На него, только на него одного, пока он говорит всё это, пока вскрывает себя по ниткам и швам, пока без слёз рыдает и вспоминает то, что сам с собой пытался столько времени безнадёжно забыть.

— Эй… не делай так, слышишь? Посмотри на меня.

Он старался, правда старался говорить с ним если и холодно, то хотя бы спокойно, без повышенных нот, ровно, в меру тихо, чтобы не пугать и не отталкивать от себя ещё больше.

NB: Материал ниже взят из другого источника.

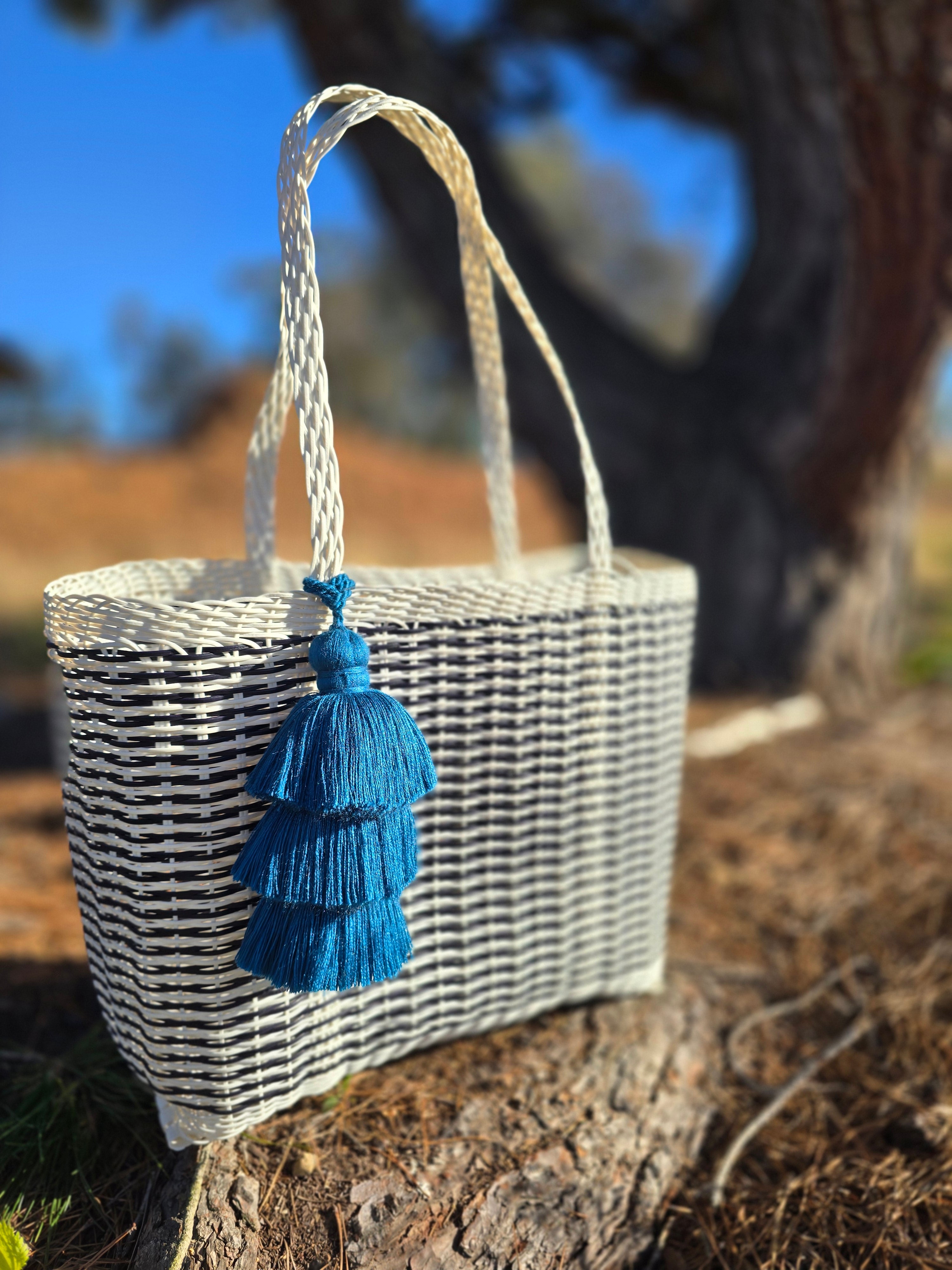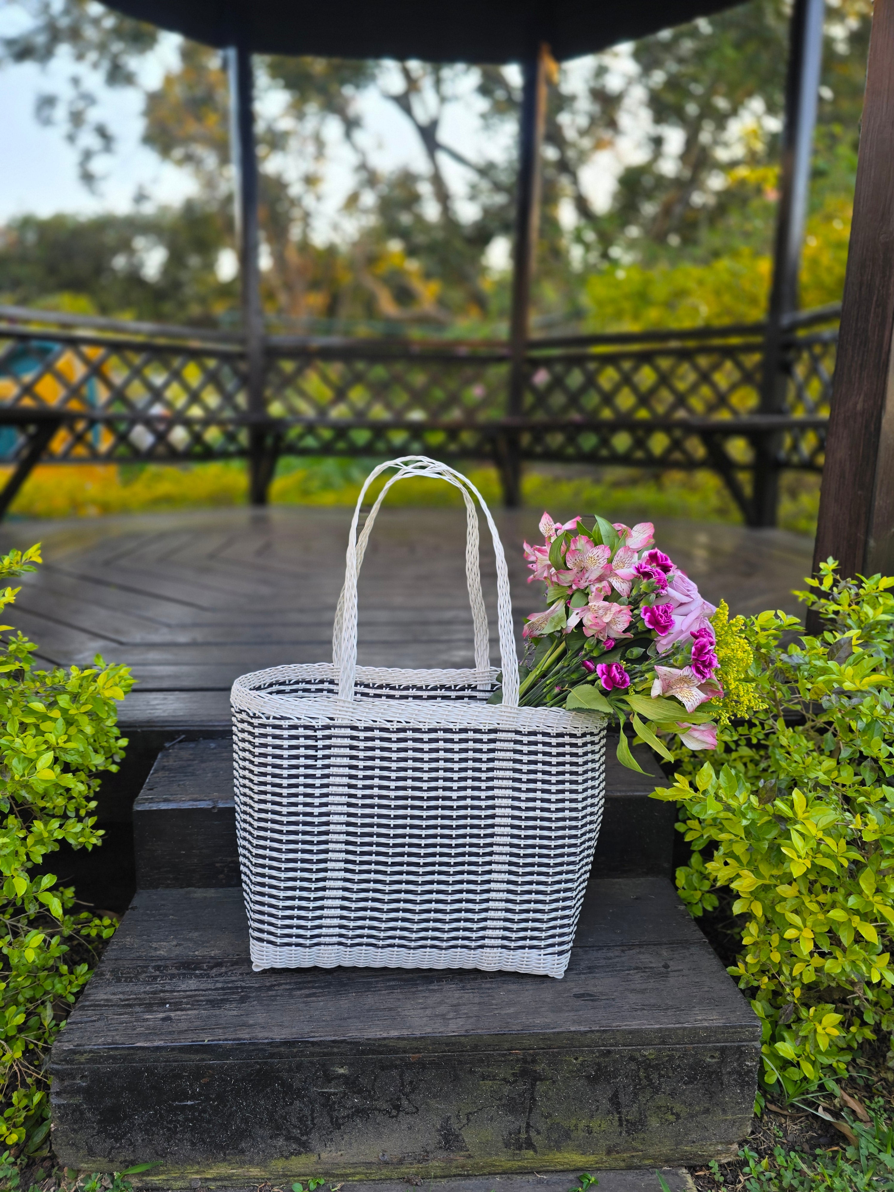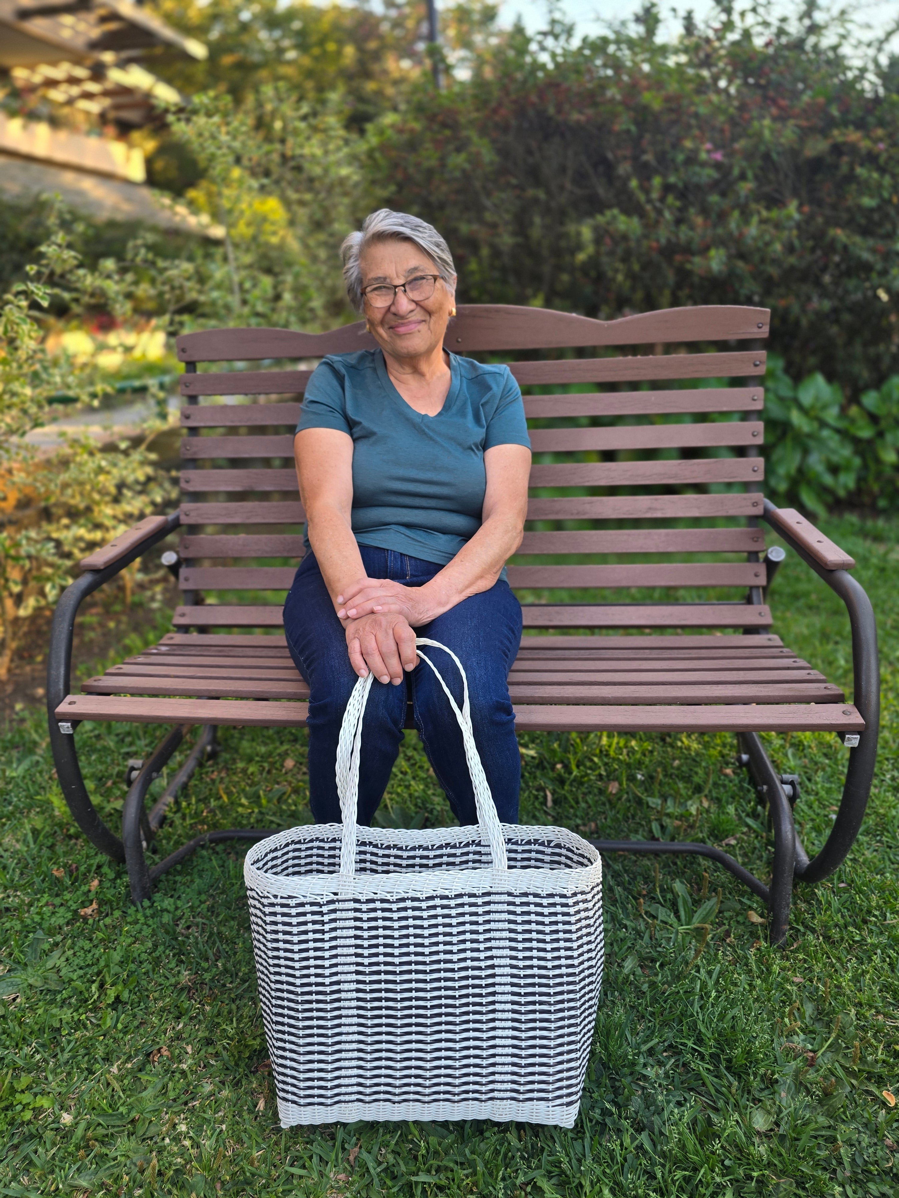 Function meets fashion with this large, black and white woven tote. Handmade by artisans in Guatemala using durable, recycled plastic, it's designed for life on the go. Its generously spacious interior easily handles groceries, beach towels, picnic supplies, or all the gear for your kids' sports games. Built to last and fully washable, this versatile bag is a reliable companion for any activity.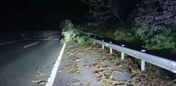 南昌南管理中心东乡养护所洛市养护站在4月25日夜间巡查中,该站养护人员发现所辖昌宁高速段内K115+700右幅一棵大树倒伏,横亘在应急车道和部分行车道,存在极大行车安全隐患。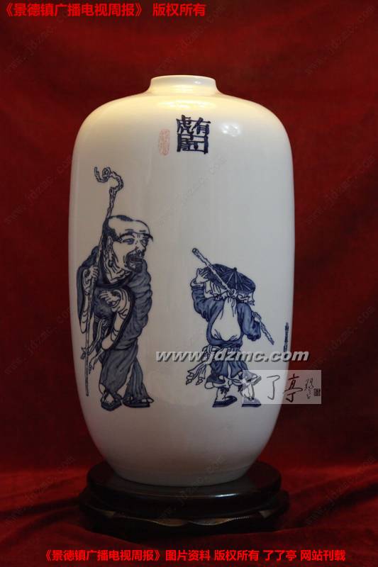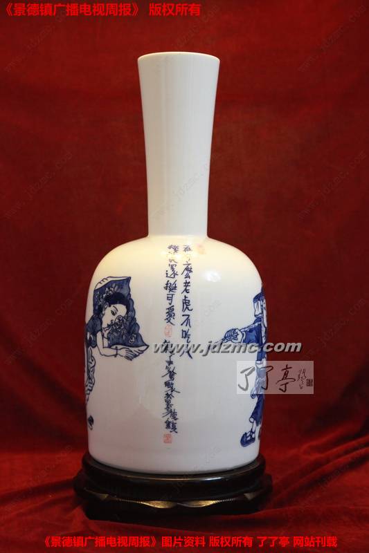 吴以徐为了更好地让记者理解,他起身走到工作台旁,随手转动起一件未完成的瓷器作品;作品随着底座的带动有节奏地缓缓转动着,而瓶坯上的画中人,画中的景色,由开始的静止慢慢地显现出一种黑白老电影流变的韵味;记者似乎不是在凝视一件瓷瓶静物,而是在观看一部有趣的黑白电影,趣味盎然。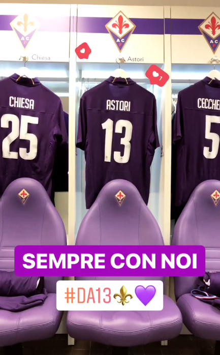 Отборът на Фиорентина не забравя своя бивш капитан Давиде Астори и това бе потвърдено днес в социалните мрежи. Починалият в началото на месец март италиански защитник присъства духом в съблекалнята на “Ла Виола”. Виолетовата фланелка с номер 13 бе до тази на Федерико Киеза и Федерико Чекерини преди срещата на флорентинци с Киево, спечелена от тима на Стефано Пиоли с 6:1. Под снимката бе добавен текст: “Винаги с нас #DA13”.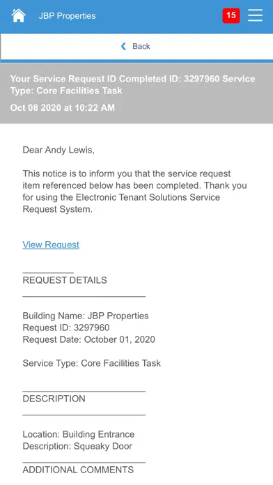 Electronic Tenant® Solutions' Tenant Center app allows building occupants the ability to: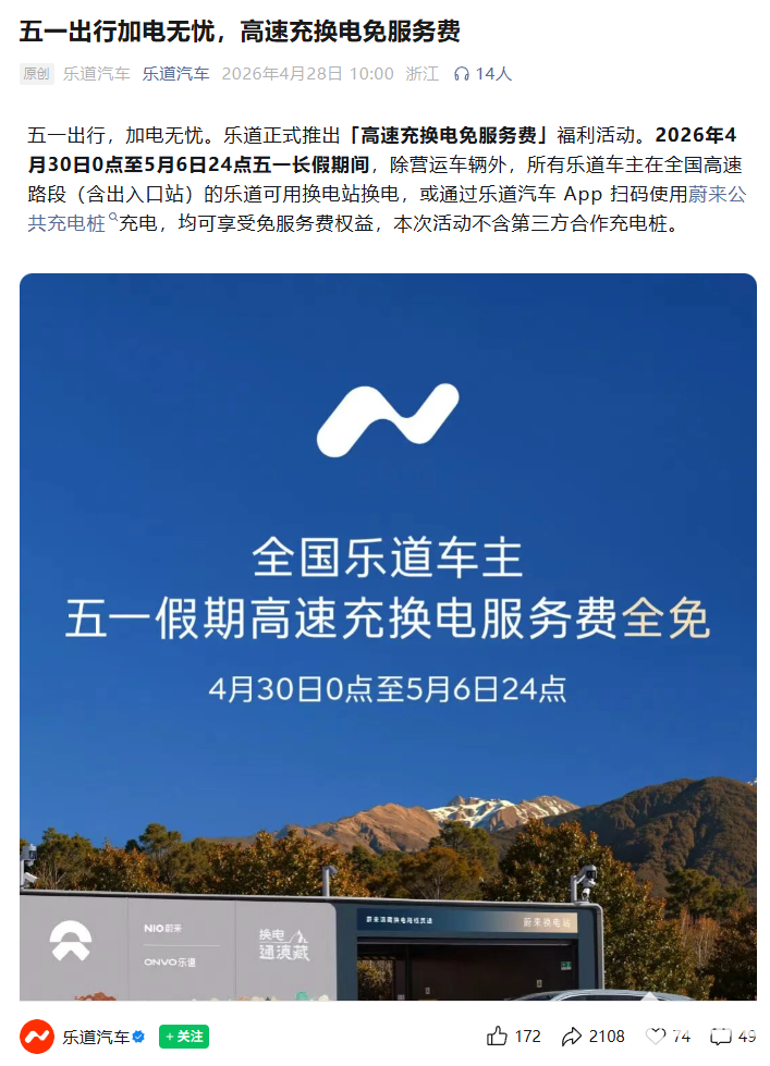 乐道汽车官方宣布,4月30日至5月6日开展面向全国非营运车主推出“高速换电充电免服务费”福利活动。

Он старался, но когда чёртов сивоглазый мальчишка не потрудился выполнить и эту маленькую просьбу, когда остался упёрто таращиться в пол, прячась вдобавок под чёлкой и поскрёбывая напряжёнными пальцами натянутые до разгладившихся складок джинсы, и старания, и терпение, и все никчёмные мирные попытки сорвало тоже.

Растоптало, размесило в грязи, размололо на кашу и кровь, ударило закупорившей чёрной массой в лёгкие и, доведя до перенасыщенного кислородного удушья, заставило впервые удариться в дерущий, страшный, осатанелый приказывающий крик:

— Я сказал тебе смотреть на меня, твою мать! Или ты что, не расслышал?!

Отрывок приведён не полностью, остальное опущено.